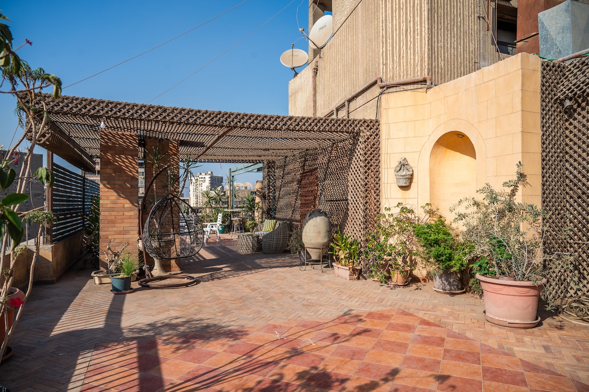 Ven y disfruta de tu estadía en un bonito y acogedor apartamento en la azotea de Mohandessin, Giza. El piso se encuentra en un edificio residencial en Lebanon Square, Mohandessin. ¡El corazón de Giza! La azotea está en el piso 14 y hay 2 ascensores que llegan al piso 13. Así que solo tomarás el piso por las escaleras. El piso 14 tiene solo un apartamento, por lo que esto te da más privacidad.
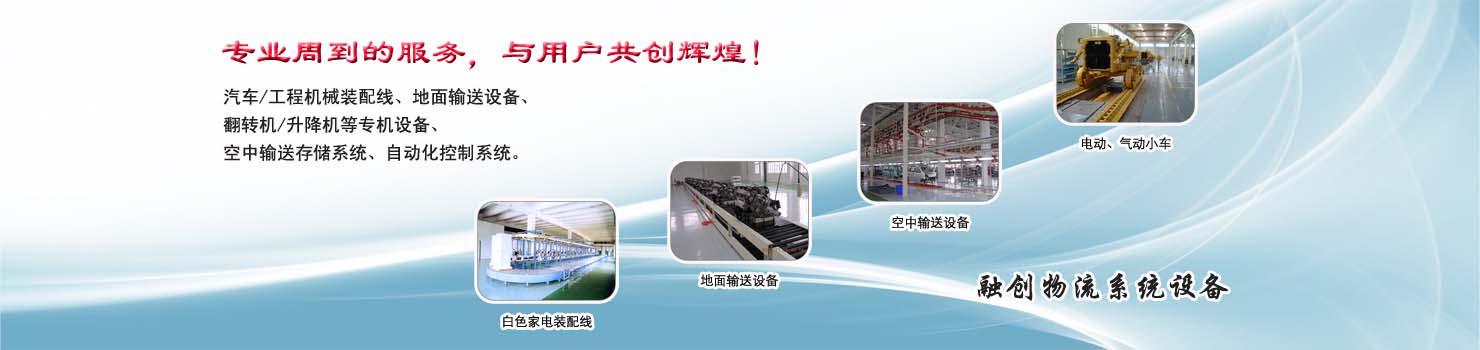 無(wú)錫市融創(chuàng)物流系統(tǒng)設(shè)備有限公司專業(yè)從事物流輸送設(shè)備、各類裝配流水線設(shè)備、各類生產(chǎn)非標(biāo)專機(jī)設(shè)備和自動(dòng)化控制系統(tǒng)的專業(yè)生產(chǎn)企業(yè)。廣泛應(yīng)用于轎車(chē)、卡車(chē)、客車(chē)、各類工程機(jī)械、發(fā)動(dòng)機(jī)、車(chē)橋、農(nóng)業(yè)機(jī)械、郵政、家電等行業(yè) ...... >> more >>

...

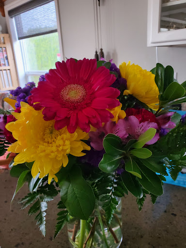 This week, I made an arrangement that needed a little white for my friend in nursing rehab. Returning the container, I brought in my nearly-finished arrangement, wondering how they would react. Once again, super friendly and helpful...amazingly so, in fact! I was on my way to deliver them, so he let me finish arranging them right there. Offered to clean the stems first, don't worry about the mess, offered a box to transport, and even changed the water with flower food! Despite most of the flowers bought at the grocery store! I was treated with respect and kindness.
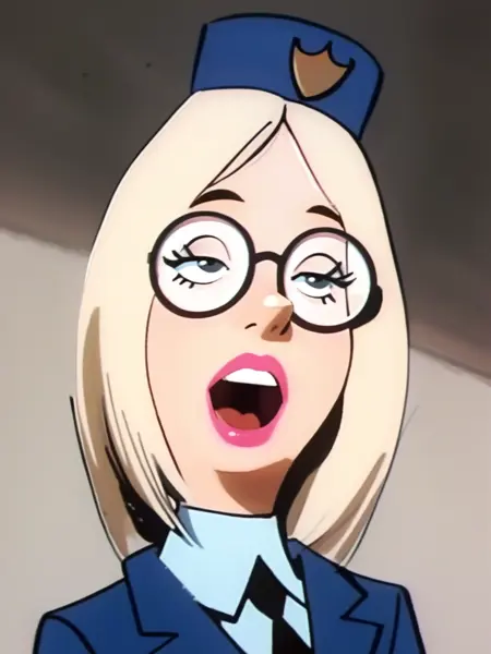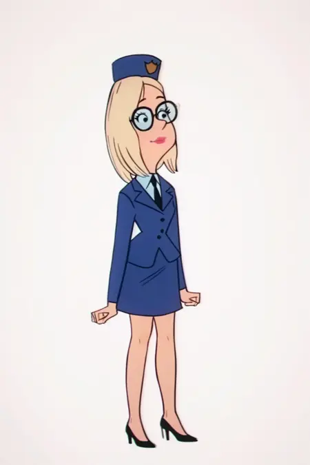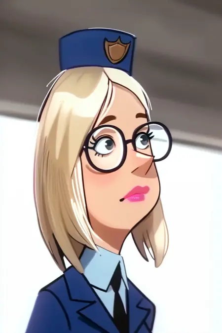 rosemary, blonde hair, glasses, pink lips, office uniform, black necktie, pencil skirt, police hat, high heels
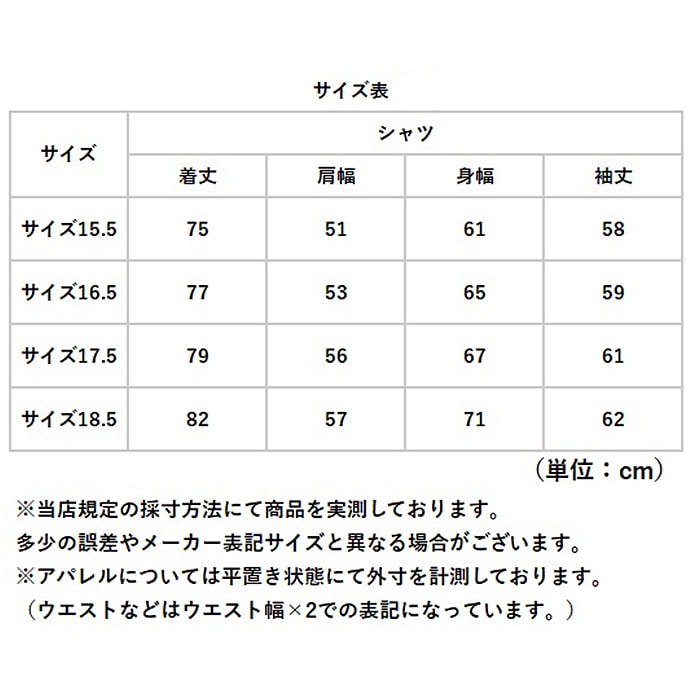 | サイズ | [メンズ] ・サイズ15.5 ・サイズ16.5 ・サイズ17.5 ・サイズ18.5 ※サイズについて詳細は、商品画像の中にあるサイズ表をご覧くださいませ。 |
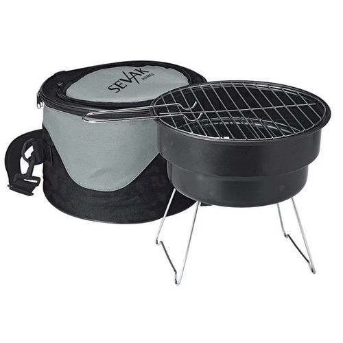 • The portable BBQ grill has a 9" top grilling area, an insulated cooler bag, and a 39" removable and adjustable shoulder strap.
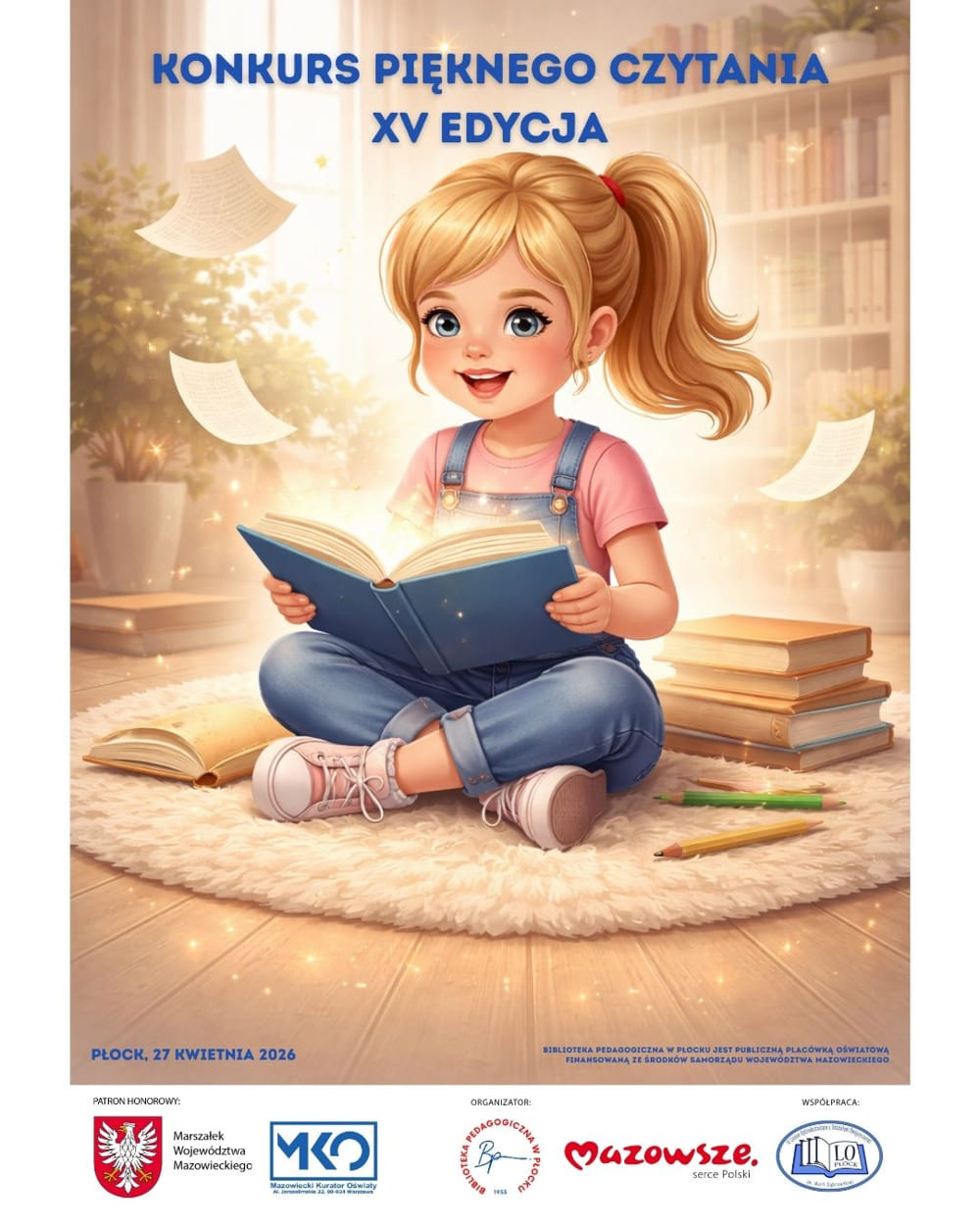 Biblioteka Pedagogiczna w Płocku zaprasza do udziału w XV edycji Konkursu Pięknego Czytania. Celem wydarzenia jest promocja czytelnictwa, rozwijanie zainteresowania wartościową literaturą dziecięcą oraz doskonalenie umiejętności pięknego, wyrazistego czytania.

...

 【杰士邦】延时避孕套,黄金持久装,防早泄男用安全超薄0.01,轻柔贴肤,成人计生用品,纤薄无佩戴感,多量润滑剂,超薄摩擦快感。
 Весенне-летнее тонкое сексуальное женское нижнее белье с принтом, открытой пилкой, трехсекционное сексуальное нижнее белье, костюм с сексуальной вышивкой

→ About this exercise
What you return must match, character for character, the lines above from the one with "サイズ | [メンズ]" through the one with "Biblioteka Pedagogiczna w", minus any pictures.

→ Answer box
 | サイズ | [メンズ] ・サイズ15.5 ・サイズ16.5 ・サイズ17.5 ・サイズ18.5 ※サイズについて詳細は、商品画像の中にあるサイズ表をご覧くださいませ。 |
 • The portable BBQ grill has a 9" top grilling area, an insulated cooler bag, and a 39" removable and adjustable shoulder strap.
 Biblioteka Pedagogiczna w Płocku zaprasza do udziału w XV edycji Konkursu Pięknego Czytania. Celem wydarzenia jest promocja czytelnictwa, rozwijanie zainteresowania wartościową literaturą dziecięcą oraz doskonalenie umiejętności pięknego, wyrazistego czytania.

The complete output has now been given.